• _AVAILABLE DATA_:
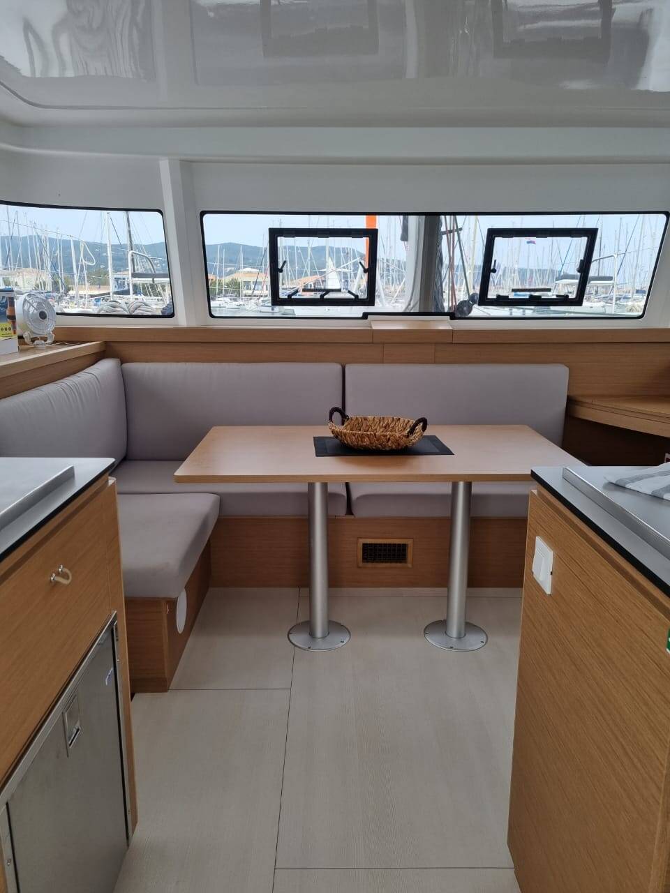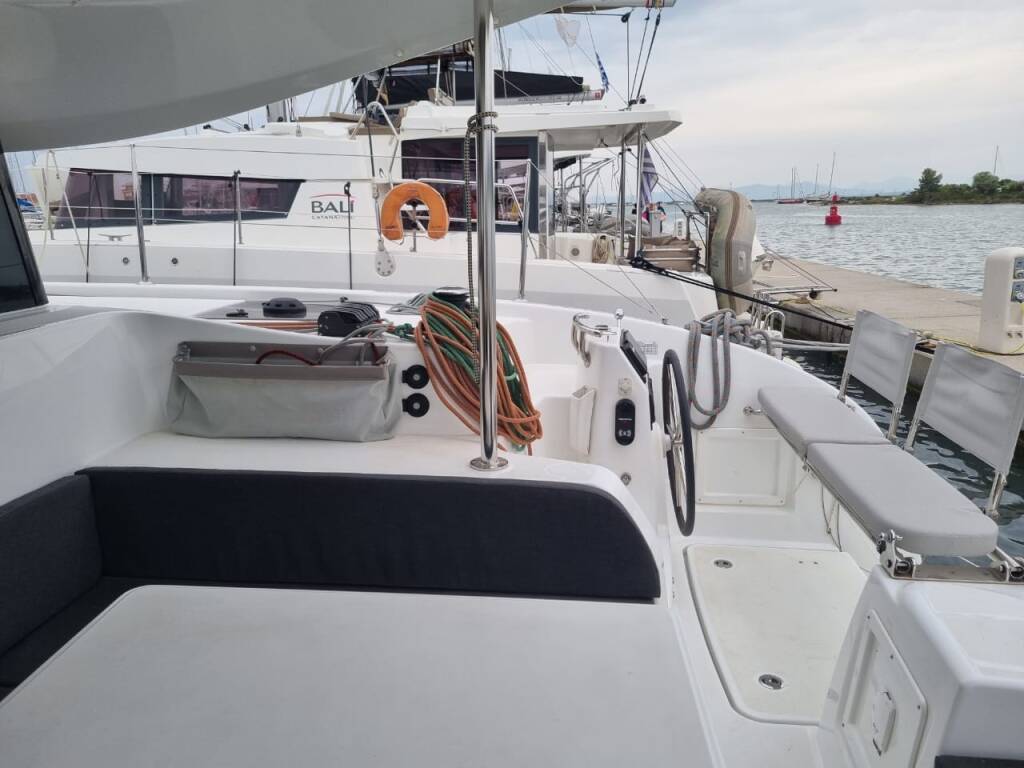 Katamarán Excess 11 Ad Astra, rok spuštění na vodu 2023 kotví v marině Preveza Main Port, Jónské ostrovy (Řecko), Řecko. Počet kajut: 4 + 2 , může ubytovat celkem: 8 + 2 + 2 a má toalet: 2 . Povlečení a kuchyňské vybavení jsou zahrnuty v ceně.
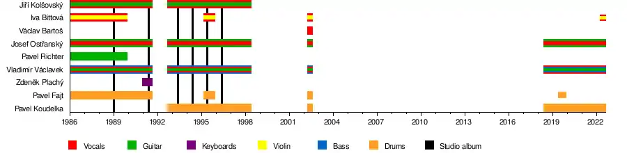 Initially known as Kolektiv, the group began performing in 1986. The lineup included vocalists Bittová and Jiří Kolšovský, guitarists Josef Ostřanský and Pavel Richter, bassist Vladimír Václavek, and drummer Fajt. The group, all members of which were active in other projects, performed only sporadically at the time.[2]
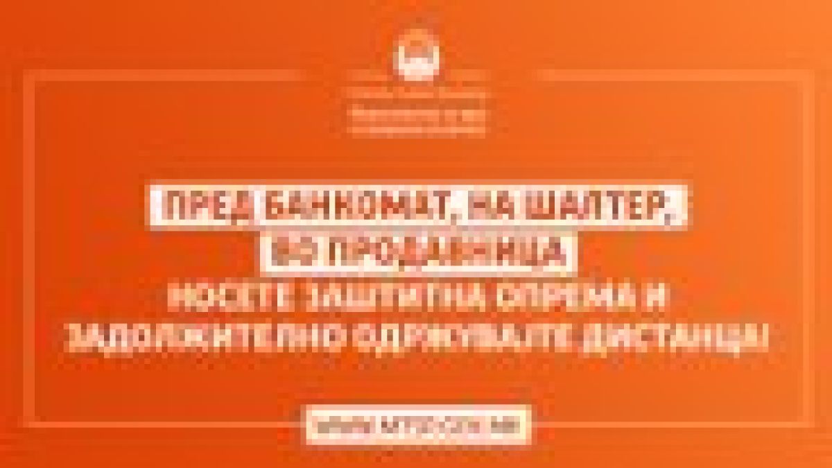 Почитувањето на препораките за носење лична заштитна опрема на лицето и држење растојание од најмалку два метра додека чекате во ред пред или внатре во банките, е во интерес на сите нас.
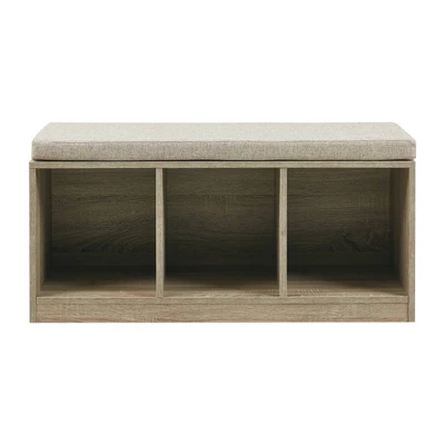 Make any space stylish and functional with the versatile Zeus Cube Organizer Storage Bench with Cushion. This storage bench features a gray upholstered seat with 3 built-in cubbies that provide ample storage space and a chic look. Crafted with durable and tough engineered wood, the multipurpose design makes this accent storage bench great for entryways. Simple assembly is required and tools are included.
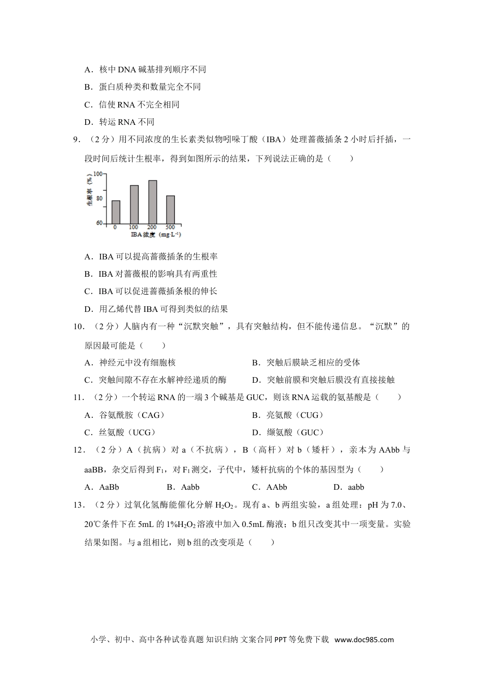 2020-2021学年上海市黄浦区高二、高三(上)期末生物试卷(一模)一、选择题(共40分,每小题2分。每小题只有一个正确选项。)1.(2分)某同学的体检报告显示,她的血红蛋白含量偏低,这可能是因为她体内缺乏()A.I+B.Fe2+C.Na+D.Ca2+2.(2分)如图是某种细胞器的电镜照片,该细胞器()A.能消化进入细胞内的异物B.能提供代谢所需能量C.能参与蛋白质的合成D.存在于动植物细胞中3.(2分)如图表示某化合物内的部分结构,则含此结构的化合物很可能是()A.ATPB.抗体C.DNAD.磷脂4.(2分)生殖是物种得以延续的重要保证。下列属于有性生殖的是()A.酵母菌的出芽生殖B.未受精的卵发育成雄峰C.培养胡萝卜韧皮部细胞获得植株D.涡虫等低等动物的再生现象5.(2分)如图是低倍镜下蚕豆叶下表皮保卫细胞长度测量的局部视野。下列叙述正确的是()小学、初中、高中各种试卷真题知识归纳文案合同PPT等免费下载www.doc985.comA.换高倍镜可使图示保卫细胞移至视野中央B.换高倍镜后应调节粗调节器使物像清晰C.换高倍镜后目镜测微尺每小格代表的长度增加D.换高倍镜后图示保卫细胞所占的格数增加6.(2分)下列能正确表示脂蛋白结构的是()A.B.C.D.7.(2分)下列有关实验操作或实验结果的描述,正确的是()A.探究酵母菌的呼吸方式不可以用是否产生二氧化碳来确定B.组织样液中滴加双缩脲试剂显示蓝色说明成分中含有蛋白质C.用无水酒精可以提取分离叶绿体色素D.在观察牛蛙的脊髓反射现象实验中,环割脚趾皮肤的目的是破坏效应器8.(2分)如图所示为来自同一人体的两种细胞,造成这两种细胞结构和功能不同的原因是()小学、初中、高中各种试卷真题知识归纳文案合同PPT等免费下载www.doc985.comA.核中DNA碱基排列顺序不同B.蛋白质种类和数量完全不同C.信使RNA不完全相同D.转运RNA不同9.(2分)用不同浓度的生长素类似物吲哚丁酸(IBA)处理蔷薇插条2小时后扦插,一段时间后统计生根率,得到如图所示的结果,下列说法正确的是()A.IBA可以提高蔷薇插条的生根率B.IBA对蔷薇根的影响具有两重性C.IBA可以促进蔷薇插条根的伸长D.用乙烯代替IBA可得到类似的结果10.(2分)人脑内有一种“沉默突触”,具有突触结构,但不能传递信息。“沉默”的原因最可能是()A.神经元中没有细胞核B.突触后膜缺乏相应的受体C.突触间隙不存在水解神经递质的酶D.突触前膜和突触后膜没有直接接触11.(2分)一个转运RNA的一端3个碱基是GUC,则该RNA运载的氨基酸是()A.谷氨酰胺(CAG)B.亮氨酸(CUG)C.丝氨酸(UCG)D.缬氨酸(GUC)12.(2分)A(抗病)对a(不抗病),B(高杆)对b(矮杆),亲本为AAbb与aaBB,杂交后得到F1,对F1测交,子代中,矮杆抗病的个体的基因型为()A.AaBbB.AabbC.AAbbD.aabb13.(2分)过氧化氢酶能催化分解H2O2。现有a、b两组实验,a组处理:pH为7.0、20℃条件下在5mL的1%H2O2溶液中加入0.5mL酶液;b组只改变其中一项变量。实验结果如图。与a组相比,则b组的改变项是()小学、初中、高中各种试卷真题知识归纳文案合同PPT等免费下载www.doc985.comA.酶液中酶的浓度B.H2O2溶液的浓度C.反应过程的温度D.反应过程的pH14.(2分)正常情况下,在人的初级卵母细胞经减数分裂形成卵的过程中,一个细胞中含有的X染色体条数最多为()A.1B.2C.3D.415.(2分)如表是某中年男子血液化验单中的部分数据,据所学知识判断下列表述正确的是()项目测定值单位参考范围促甲状腺激素5.9μU/mL1.4~4.4A.该男子可能甲状腺功能亢进B.该男子可能胰岛功能亢进C.该男子可能甲状腺功能减退D.该男子可能垂体功能减退16.(2分)如图为人体某细胞内发生的部分代谢途径,下列表述正确的是()A.①所示的反应类型为氧化分解反应B.该细胞膜上有胰高血糖素受体,但无肾上腺素受体C.脂肪酸需转化为丙酮酸后,才能进入三羧酸循环D.胰高血糖素作用于该细胞后能促进①过程17.(2分)如图表示人体发热到降温的体温变化曲线,导致ab段和cd段体温变化的事件小学、初中、高中各种试卷真题知识归纳文案合同PPT等免费下载www.doc985.com分别是()A.血...
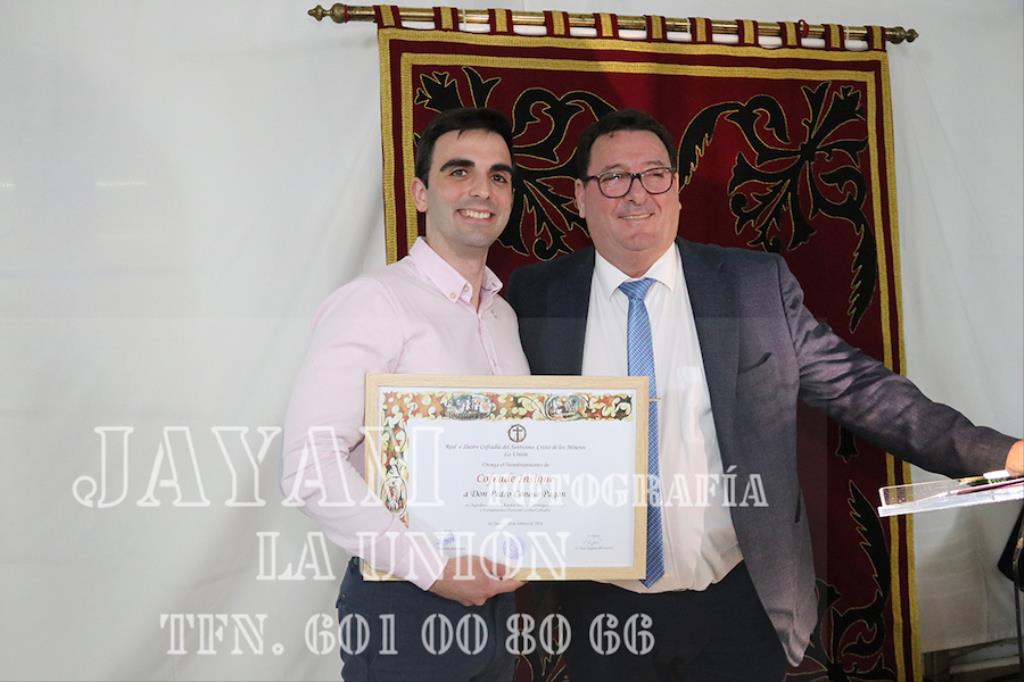 El hermano mayor de la cofradía, José Cortado Balsalobre, estuvo acompañado en la presidencia de la cena-gala, por el alcalde de La Unión, Joaquín Zapata García, y el conciliario de la hermandad, el reverendo Ginés Luis Vicente, así como todas las fuerzas políticas del municipio con presencia en el pleno: PP, PSOE, VOX y DLU.

• _WORK INSTRUCTION_:
Please reproduce, word for word, every line from the first line of the records above through the line containing "Initially known as", and leave out the pictures.

• _SOLVED EXERCISE_:
 Katamarán Excess 11 Ad Astra, rok spuštění na vodu 2023 kotví v marině Preveza Main Port, Jónské ostrovy (Řecko), Řecko. Počet kajut: 4 + 2 , může ubytovat celkem: 8 + 2 + 2 a má toalet: 2 . Povlečení a kuchyňské vybavení jsou zahrnuty v ceně.
 Initially known as Kolektiv, the group began performing in 1986. The lineup included vocalists Bittová and Jiří Kolšovský, guitarists Josef Ostřanský and Pavel Richter, bassist Vladimír Václavek, and drummer Fajt. The group, all members of which were active in other projects, performed only sporadically at the time.[2]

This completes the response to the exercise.